Election 2025: Anthony Albanese rejects doctors’ concerns about his bulk-billing policy
Anthony Albanese hit back at criticism from doctors that Labor’s flagship $8.5bn election policy promoting bulk-billing won’t guarantee that all GP consultations will be free.
Anthony Albanese has hit back at doctors’ warnings that Labor’s flagship $8.5bn election policy promoting bulk-billing won’t guarantee that all GP consultations will be free, declaring these concerns were “completely contradicted” by what he has heard during the campaign.
After some GPs and medical leaders told patients not to expect to be able to see a doctor with only their Medicare card under Labor’s policy to increase bulk-billing rates, the Prime Minister rejected their concerns, saying he was hearing different reports “on the ground”.
The Australian on Tuesday reported that peak doctors’ bodies had cautioned that not all patients would be bulk-billed under the policy and had questioned whether most practices would sign up to the scheme.
The Coalition has vowed to match Labor’s election promise to triple the bulk-billing incentive if a GP decides to use it, which is projected to increase bulk-billing rates to nine out of 10 consultations within five years.
Under pressure over the effectiveness of his Urgent Care Clinics on reducing wait times in emergency departments and the Bulk Billing Practice Incentive Program, Mr Albanese on Wednesday said he had consistently heard that both policies were making a difference.
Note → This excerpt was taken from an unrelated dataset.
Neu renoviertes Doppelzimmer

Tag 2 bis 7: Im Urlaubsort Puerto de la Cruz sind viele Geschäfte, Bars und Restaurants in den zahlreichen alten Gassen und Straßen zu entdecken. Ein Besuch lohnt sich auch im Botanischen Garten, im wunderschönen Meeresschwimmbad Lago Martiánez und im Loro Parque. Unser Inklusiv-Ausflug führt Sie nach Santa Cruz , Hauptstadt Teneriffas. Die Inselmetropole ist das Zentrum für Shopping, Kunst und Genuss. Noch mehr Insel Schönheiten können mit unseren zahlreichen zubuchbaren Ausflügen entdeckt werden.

“You know what my evidence is? Talking to people, talking to the punters, 1.3 million of them,” he said. “Whether it is in this campaign(or) Bridgewater (in SA) yesterday. You have two reports today about Urgent Care Clinics and about our bulk-billing incentive that are completely contradicted by … talking to people on the ground.”
Campaigning in Melbourne’s eastern suburbs on Wednesday, where he is hoping to retain the seat of Aston, Mr Albanese said doctors, health ministers and parents had told him that Urgent Care Clinics were taking pressure off emergency departments.
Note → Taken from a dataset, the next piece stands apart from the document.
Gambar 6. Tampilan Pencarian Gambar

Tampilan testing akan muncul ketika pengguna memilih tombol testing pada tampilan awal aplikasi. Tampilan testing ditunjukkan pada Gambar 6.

“Same as our bulk-billing incentive,” he said. “We heard yesterday from a doctor who stood up at that rather large clinic there at Bridgewater (and) said, as a result of our policies, that the clinic will be 100 per cent bulk-billed.”
Opposition health spokeswoman Anne Ruston said the Coalition was committed to ensuring people had “timely and affordable access” to primary care but did not let on whether the opposition would reconsider matching Labor’s bulk-billing policy.
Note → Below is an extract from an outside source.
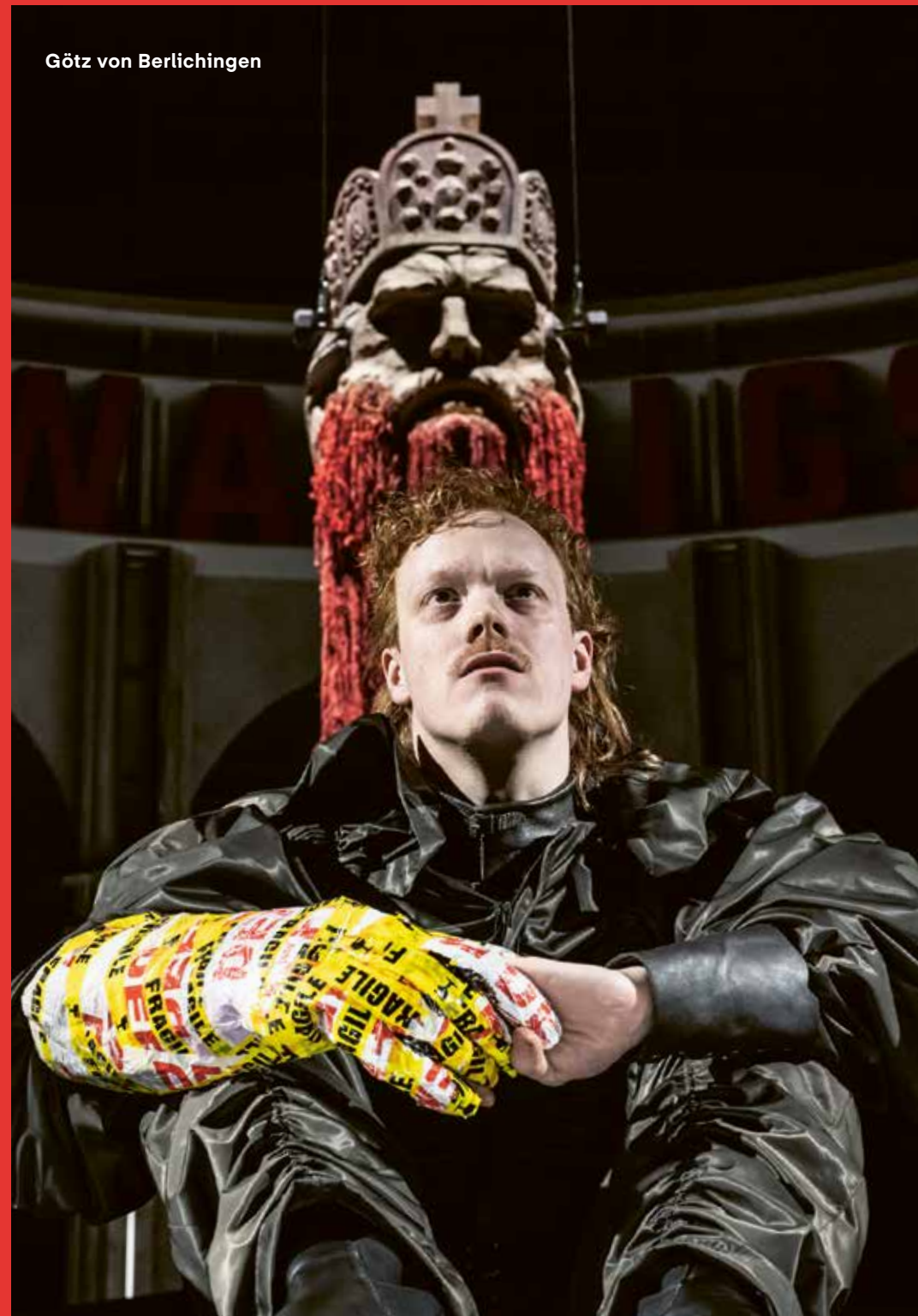
Götz von Berlichingen

“We need to see bulk-billing restored, which is why we have committed a historic $9bn into Medicare,” Senator Ruston said. “Under the Coalition, bulk-billing was more than 88 per cent. Under Labor, it has fallen to 77 per cent.”
Royal Australian College of General Practitioners president Michael Wright said the $8.5bn policy was “well overdue and very welcome” but some GPs held concerns about the uptake of the package. “We have heard from our members that they are concerned about the structure of the funding commitment, and we know GPs will only change their billing practices if they are sure it is in the long-term interests of their patients and their practice’s viability,” he said.
“Both sides of politics have more work to do to convince GPs that their funding packages will deliver the benefits they have promised for their patients.”
Australian Medical Association president Danielle McMullen said while the policy would address affordability issues, the “reality is that every practice is different” and structural reforms were needed. “Whether practices choose to join the new Bulk Billing Practice Incentive Program will depend on their own assessment of practice costs,” she said.
Doctors Reform Society secretary Peter Davoren also called for structural reforms to bulk-billing and Medicare, saying the current fee at point of service model was no longer fit for purpose because of the rising costs of running a general practice.
“If you try to fund all general practice, or all healthcare, by the fee for service model, then the costs will just keep going up and up and up, and that’s unsustainable,” he said. “It has been unsustainable over the last 20 years, and there’s no reason to expect it can be sustainable now.
“Hence the need to consider other ways. Our organisation believes there are other ways of funding healthcare, and this is not just primary care but also non-specialist care outside of general practice.”